#### Assignment
Output the entries below word for word, stopping once the line containing "Фото: Владо Зеमुник" is done, and omit each picture.

--------------------

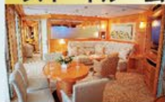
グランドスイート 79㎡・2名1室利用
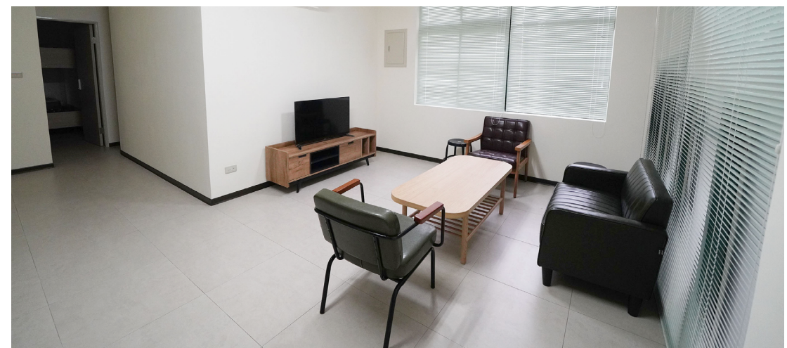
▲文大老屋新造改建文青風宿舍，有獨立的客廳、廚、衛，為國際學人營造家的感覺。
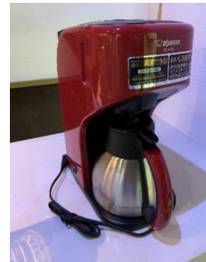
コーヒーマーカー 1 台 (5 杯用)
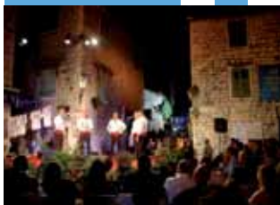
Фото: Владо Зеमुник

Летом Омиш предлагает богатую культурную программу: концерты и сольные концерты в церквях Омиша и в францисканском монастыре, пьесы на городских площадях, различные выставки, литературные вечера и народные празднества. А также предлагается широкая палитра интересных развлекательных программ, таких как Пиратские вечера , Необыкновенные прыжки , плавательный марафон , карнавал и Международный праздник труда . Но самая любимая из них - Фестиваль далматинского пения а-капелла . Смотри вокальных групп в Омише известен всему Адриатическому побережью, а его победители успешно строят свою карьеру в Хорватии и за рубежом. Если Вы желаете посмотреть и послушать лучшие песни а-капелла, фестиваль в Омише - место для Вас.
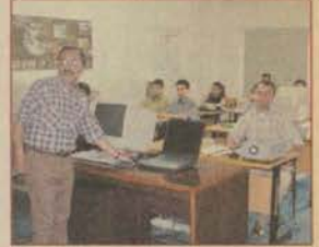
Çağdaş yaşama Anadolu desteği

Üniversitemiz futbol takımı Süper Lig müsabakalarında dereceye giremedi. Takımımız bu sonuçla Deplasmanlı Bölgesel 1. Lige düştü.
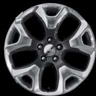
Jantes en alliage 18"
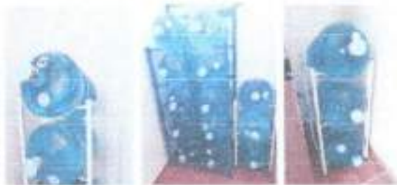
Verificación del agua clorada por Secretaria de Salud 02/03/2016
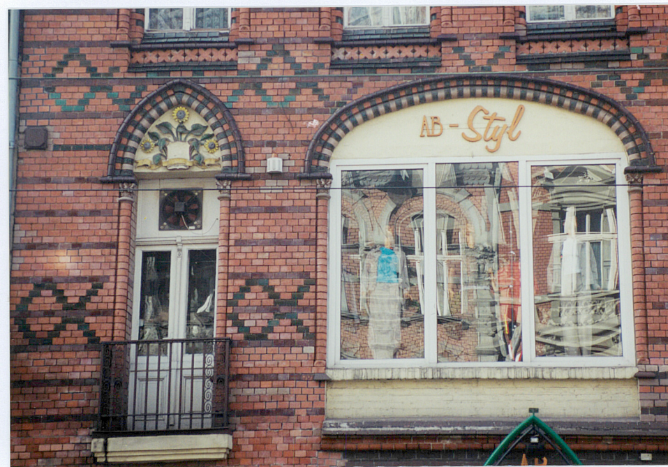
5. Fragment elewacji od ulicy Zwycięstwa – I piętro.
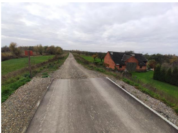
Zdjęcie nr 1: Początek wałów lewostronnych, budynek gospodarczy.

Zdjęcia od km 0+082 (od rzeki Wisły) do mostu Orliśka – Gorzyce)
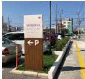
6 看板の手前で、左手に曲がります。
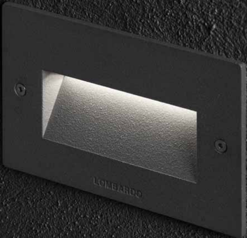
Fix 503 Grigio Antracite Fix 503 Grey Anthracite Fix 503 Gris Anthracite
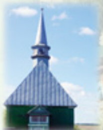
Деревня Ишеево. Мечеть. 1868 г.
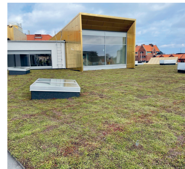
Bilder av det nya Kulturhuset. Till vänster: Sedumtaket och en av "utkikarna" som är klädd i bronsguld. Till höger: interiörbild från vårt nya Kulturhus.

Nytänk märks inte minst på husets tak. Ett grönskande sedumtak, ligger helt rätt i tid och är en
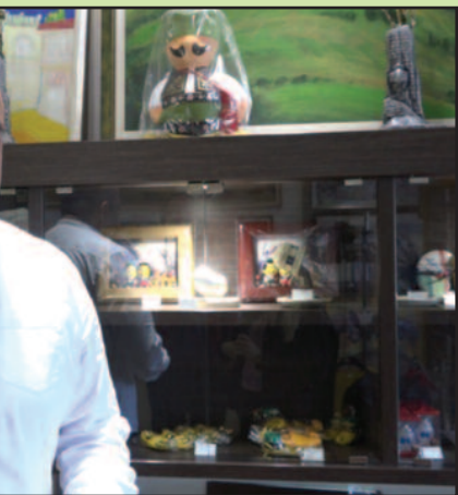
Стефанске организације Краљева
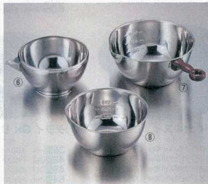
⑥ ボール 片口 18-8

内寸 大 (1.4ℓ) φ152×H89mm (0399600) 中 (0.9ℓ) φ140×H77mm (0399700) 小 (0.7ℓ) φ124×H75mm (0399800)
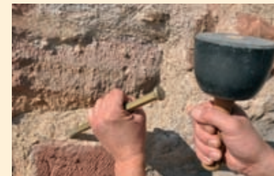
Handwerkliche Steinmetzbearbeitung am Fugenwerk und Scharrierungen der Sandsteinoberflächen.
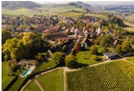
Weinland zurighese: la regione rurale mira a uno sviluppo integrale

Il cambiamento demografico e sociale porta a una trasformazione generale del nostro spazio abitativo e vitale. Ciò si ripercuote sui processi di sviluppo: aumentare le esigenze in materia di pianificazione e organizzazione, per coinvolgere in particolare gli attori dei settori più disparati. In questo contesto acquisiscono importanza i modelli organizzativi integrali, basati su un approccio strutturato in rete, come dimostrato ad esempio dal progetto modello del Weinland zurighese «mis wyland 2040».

--------------------

#### Exercise solution
グランドスイート 79㎡・2名1室利用
▲文大老屋新造改建文青風宿舍，有獨立的客廳、廚、衛，為國際學人營造家的感覺。
コーヒーマーカー 1 台 (5 杯用)
Фото: Владо Зеमुник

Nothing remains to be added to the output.